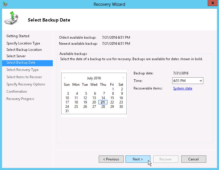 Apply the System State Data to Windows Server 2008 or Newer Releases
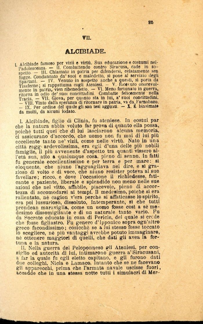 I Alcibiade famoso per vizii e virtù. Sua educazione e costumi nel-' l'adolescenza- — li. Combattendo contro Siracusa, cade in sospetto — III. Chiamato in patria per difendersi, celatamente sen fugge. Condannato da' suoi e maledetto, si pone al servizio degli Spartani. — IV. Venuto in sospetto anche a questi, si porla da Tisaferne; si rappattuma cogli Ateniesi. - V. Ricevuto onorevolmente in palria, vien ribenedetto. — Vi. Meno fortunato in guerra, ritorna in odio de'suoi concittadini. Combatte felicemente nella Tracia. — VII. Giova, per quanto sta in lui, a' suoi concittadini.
===
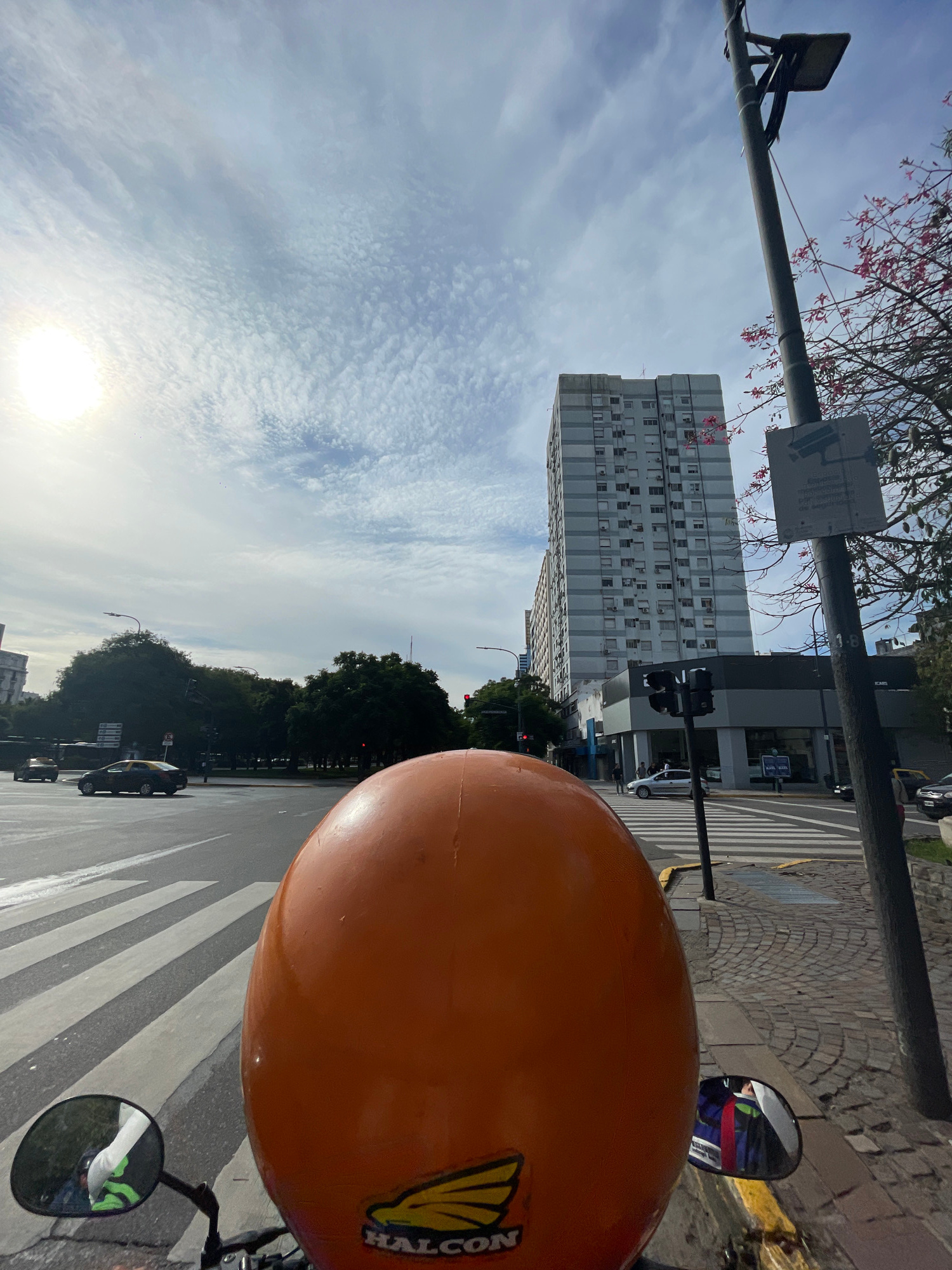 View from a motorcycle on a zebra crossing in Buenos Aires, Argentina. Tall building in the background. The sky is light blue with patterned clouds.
===
* _EXERCISE REQUIREMENTS_: Given the listing above, repeat exactly the lines starting at the one with "Apply the System" and ending at the one with "I Alcibiade famoso", inclusive, excluding pictures.

* _WRITTEN REPLY_:
 Apply the System State Data to Windows Server 2008 or Newer Releases
 I Alcibiade famoso per vizii e virtù. Sua educazione e costumi nel-' l'adolescenza- — li. Combattendo contro Siracusa, cade in sospetto — III. Chiamato in patria per difendersi, celatamente sen fugge. Condannato da' suoi e maledetto, si pone al servizio degli Spartani. — IV. Venuto in sospetto anche a questi, si porla da Tisaferne; si rappattuma cogli Ateniesi. - V. Ricevuto onorevolmente in palria, vien ribenedetto. — Vi. Meno fortunato in guerra, ritorna in odio de'suoi concittadini. Combatte felicemente nella Tracia. — VII. Giova, per quanto sta in lui, a' suoi concittadini.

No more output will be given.